**WORK ORDER**
Only one span of the listing below is wanted: the lines from the one with "Edytor tapety: Szary kot na trawie" through the one with "Waxaa u gudbay", reproduced exactly, both ends kept.
━━━━━ INPUT ━━━━━
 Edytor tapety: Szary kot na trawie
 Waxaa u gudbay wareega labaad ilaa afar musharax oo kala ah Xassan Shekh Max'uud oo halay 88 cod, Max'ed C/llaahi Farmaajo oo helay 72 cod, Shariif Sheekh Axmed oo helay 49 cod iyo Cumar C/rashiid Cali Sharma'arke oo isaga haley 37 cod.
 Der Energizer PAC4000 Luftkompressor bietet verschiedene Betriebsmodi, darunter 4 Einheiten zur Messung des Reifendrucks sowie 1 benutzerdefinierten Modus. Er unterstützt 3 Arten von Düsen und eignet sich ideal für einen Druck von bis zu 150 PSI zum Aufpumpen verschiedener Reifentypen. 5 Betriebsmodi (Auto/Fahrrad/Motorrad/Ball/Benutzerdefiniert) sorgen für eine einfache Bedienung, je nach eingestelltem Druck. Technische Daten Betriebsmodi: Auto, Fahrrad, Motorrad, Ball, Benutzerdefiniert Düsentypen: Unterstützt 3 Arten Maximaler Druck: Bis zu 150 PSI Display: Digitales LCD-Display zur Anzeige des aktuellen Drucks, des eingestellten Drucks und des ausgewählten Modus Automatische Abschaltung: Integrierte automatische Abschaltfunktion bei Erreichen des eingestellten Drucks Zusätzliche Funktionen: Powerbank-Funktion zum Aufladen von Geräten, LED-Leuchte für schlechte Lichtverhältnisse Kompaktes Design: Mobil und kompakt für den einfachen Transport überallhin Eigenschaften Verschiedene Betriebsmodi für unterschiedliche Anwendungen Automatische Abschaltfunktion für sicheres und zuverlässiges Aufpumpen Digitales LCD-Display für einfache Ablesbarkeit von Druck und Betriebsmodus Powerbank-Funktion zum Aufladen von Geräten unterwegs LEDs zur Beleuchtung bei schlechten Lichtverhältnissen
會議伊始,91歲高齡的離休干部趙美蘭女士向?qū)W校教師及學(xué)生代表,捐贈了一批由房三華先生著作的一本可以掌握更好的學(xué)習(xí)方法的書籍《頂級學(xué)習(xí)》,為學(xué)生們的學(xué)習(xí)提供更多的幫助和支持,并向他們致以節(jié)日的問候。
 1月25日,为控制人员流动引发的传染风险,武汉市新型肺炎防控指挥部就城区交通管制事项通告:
━━━━━
━━━━━ INPUT ━━━━━
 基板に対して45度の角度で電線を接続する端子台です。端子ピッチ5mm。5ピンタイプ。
━━━━━
**RESPONSE FOR THIS EXERCISE**
 Edytor tapety: Szary kot na trawie
 Waxaa u gudbay wareega labaad ilaa afar musharax oo kala ah Xassan Shekh Max'uud oo halay 88 cod, Max'ed C/llaahi Farmaajo oo helay 72 cod, Shariif Sheekh Axmed oo helay 49 cod iyo Cumar C/rashiid Cali Sharma'arke oo isaga haley 37 cod.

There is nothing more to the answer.